The answer is all of the data repeated exactly, with each picture omitted.

*SUPPLIED INFORMATION*:

§

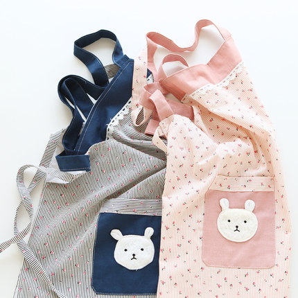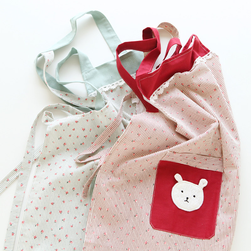 8626田园可爱涤棉碎花家用厨房做饭罩衣女士双层防水轻便背心围裙
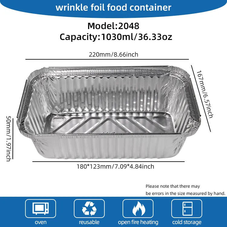 Kotak makan siang panggangan barbekyu sekali pakai dari Pabrik Aluminium Foil Yunchu, wadah aluminium foil perak terbuat dari aluminium foil food grade dengan kemurnian tinggi. Ini tidak beracun dan tidak berasa, tahan terhadap suhu tinggi dan suhu rendah. Titik lelehnya mencapai 250°C. Bisa kontak langsung dengan makanan. Itu tidak melepaskan zat berbahaya saat dipanaskan pada suhu tinggi. Ia juga dapat mempertahankan bentuk stabil saat didinginkan dan dibekukan. Ini adalah desain sekali pakai dan dapat dibuang setelah digunakan. Tidak perlu menghabiskan waktu membersihkan piring dan loyang, detoksifikasi sepenuhnya Ini memecahkan masalah pembersihan yang membosankan setelah makan, dan sangat cocok untuk adegan seperti berkumpul dengan banyak orang dan perjalanan di luar ruangan. Bahan aluminium foil tebal yang ditingkatkan memiliki tekstur padat dan daya dukung yang kuat. Tidak mudah bocor atau berubah bentuk saat memegang piring dengan sup atau bahan barbekyu yang berat. Tepinya halus dan bebas duri, sehingga lebih aman digunakan. Cocok juga untuk oven, penggorengan udara, pengukus, dan peralatan dapur lainnya. Memasak dan menyajikan dapat dilakukan dalam satu langkah.
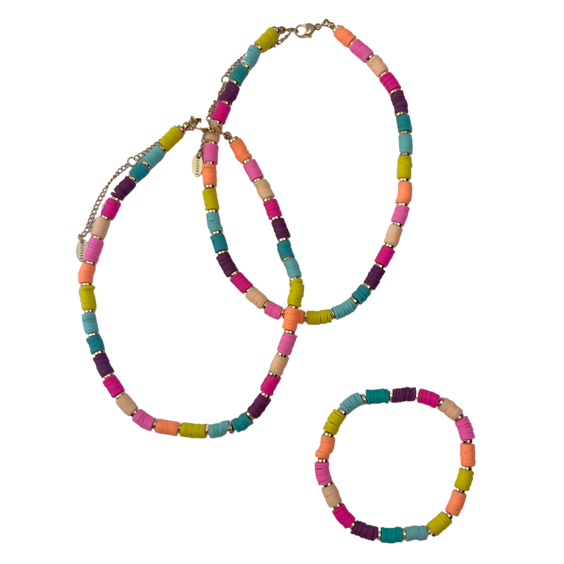 Cute and colorful beaded necklace for your most colorful characters. x2 of Necklace available and one matching bracelet as well. 16-20" in length. In new condition.

§

*TASK SOLUTION*:
 8626田园可爱涤棉碎花家用厨房做饭罩衣女士双层防水轻便背心围裙
 Kotak makan siang panggangan barbekyu sekali pakai dari Pabrik Aluminium Foil Yunchu, wadah aluminium foil perak terbuat dari aluminium foil food grade dengan kemurnian tinggi. Ini tidak beracun dan tidak berasa, tahan terhadap suhu tinggi dan suhu rendah. Titik lelehnya mencapai 250°C. Bisa kontak langsung dengan makanan. Itu tidak melepaskan zat berbahaya saat dipanaskan pada suhu tinggi. Ia juga dapat mempertahankan bentuk stabil saat didinginkan dan dibekukan. Ini adalah desain sekali pakai dan dapat dibuang setelah digunakan. Tidak perlu menghabiskan waktu membersihkan piring dan loyang, detoksifikasi sepenuhnya Ini memecahkan masalah pembersihan yang membosankan setelah makan, dan sangat cocok untuk adegan seperti berkumpul dengan banyak orang dan perjalanan di luar ruangan. Bahan aluminium foil tebal yang ditingkatkan memiliki tekstur padat dan daya dukung yang kuat. Tidak mudah bocor atau berubah bentuk saat memegang piring dengan sup atau bahan barbekyu yang berat. Tepinya halus dan bebas duri, sehingga lebih aman digunakan. Cocok juga untuk oven, penggorengan udara, pengukus, dan peralatan dapur lainnya. Memasak dan menyajikan dapat dilakukan dalam satu langkah.
 Cute and colorful beaded necklace for your most colorful characters. x2 of Necklace available and one matching bracelet as well. 16-20" in length. In new condition.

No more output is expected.